Chin made note that gross vehicular manslaughter while intoxicated is a lesser related crime to second-degree murder but, in light of different elements, not a lesser included crime, so that no double jeopardy concerns arise.

Liu’s Dissent

Justice Goodwin Liu dissented, arguing that the second jury should have been told of the conviction. He reasoned:

“Fairness to the parties means they should have been put, to the extent possible, in the same position at the retrial as at the first trial. Not telling the retrial jury of Hicks’s prior conviction may have led that jury to believe it faced an all-or-nothing choice that the first jury clearly did not face. This significantly altered the complexion of the case for Hicks from the first trial to the second trial. By contrast, it is not clear that telling the retrial jury of Hicks’s prior conviction would have resulted in such a significant change for the prosecution from the first trial to the second.”

The case is People v. Hicks, 2017 S.O.S. 6446.

Mosk’s Opinion

The majority opinion affirms the Dec. 23, 2015 decision by Div. Five of this district’s Court of Appeal. Justice Richard Mosk, now deceased, wrote the opinion.
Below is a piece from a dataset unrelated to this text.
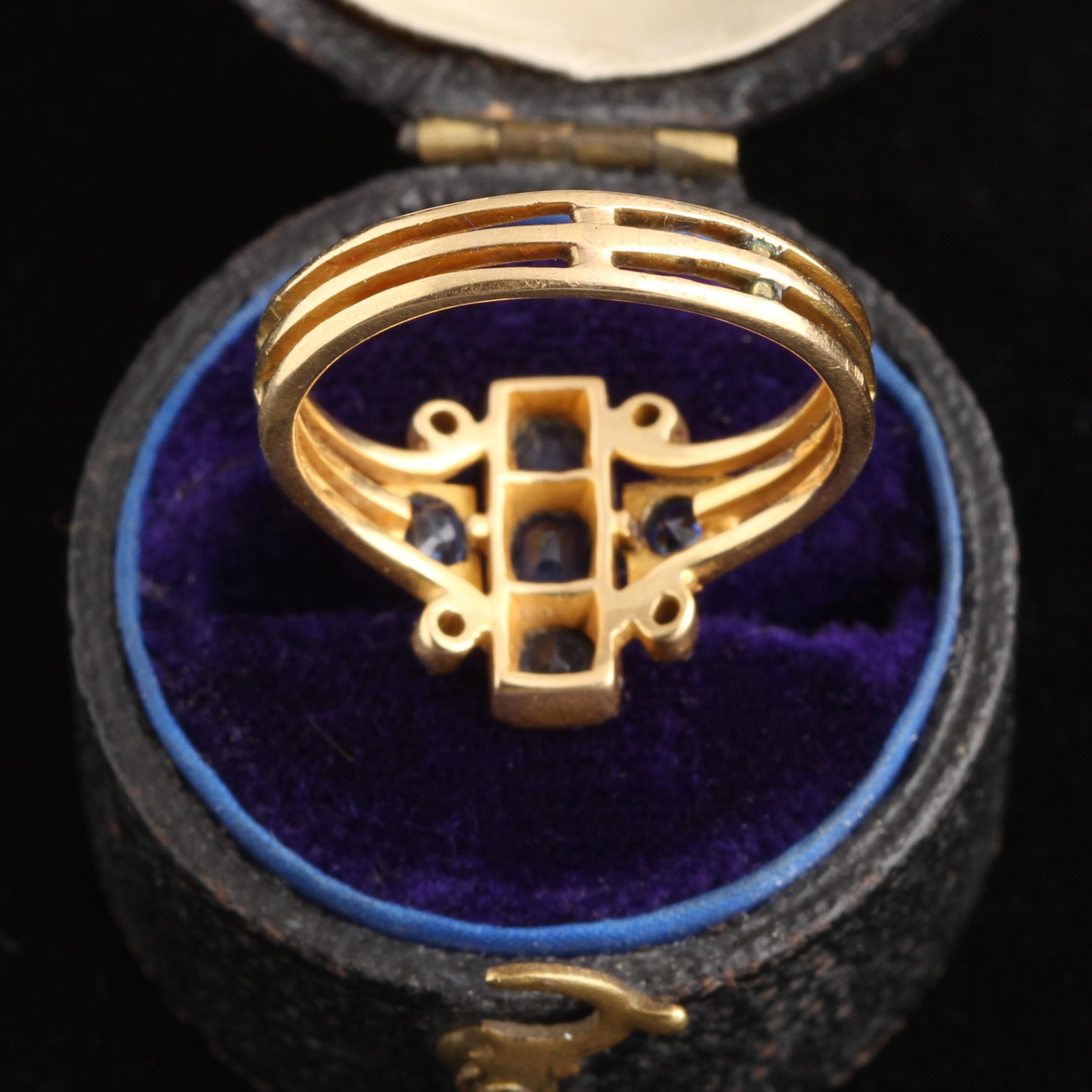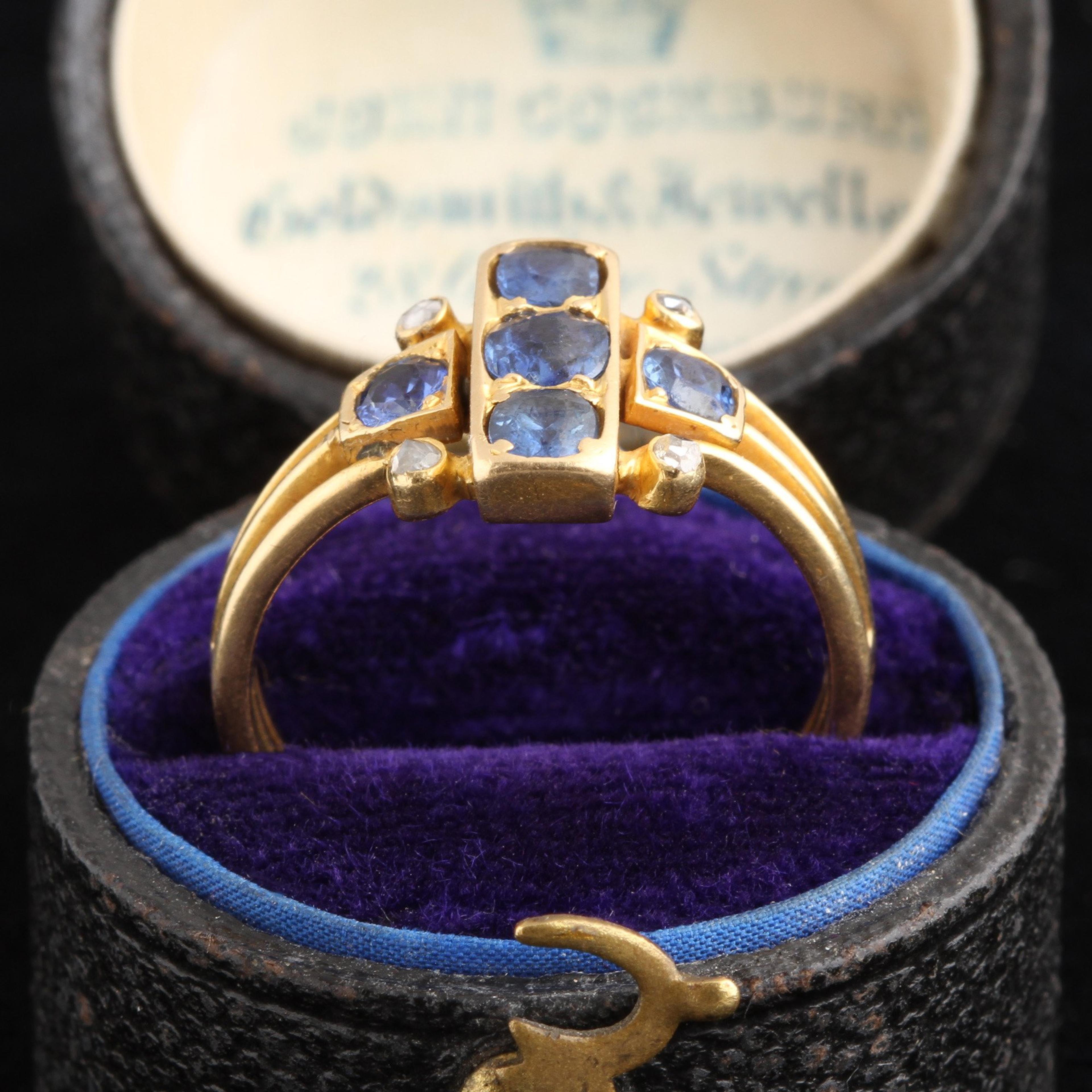 Maximalism meets minimalism, this Victorian ring features a bold cruciform arrangement of sapphires accented with rose cut diamonds.

He took a different approach, saying:

“Instructing or otherwise advising the jury that defendant had previously been convicted of gross vehicular manslaughter reasonably could cause the jury to focus on irrelevant matters rather than focusing on the issue before it—whether the prosecutor proved that defendant had committed a second degree murder beyond a reasonable doubt. In many cases, advising the second jury that defendant had been convicted of a lesser related crime in the first trial regarding the same incident involved in the second trial could prejudice defendant; so advising the second jury may signal to it that defendant was culpable or that it should determine certain facts adverse to defendant. In addition, advising the jury as to a result in the first trial might induce the jury to speculate on its ramifications. The result of the first trial might influence the jury to assume that the jury for that trial could not come to a conclusion as to the murder charge, and draw an inference from that assumption.”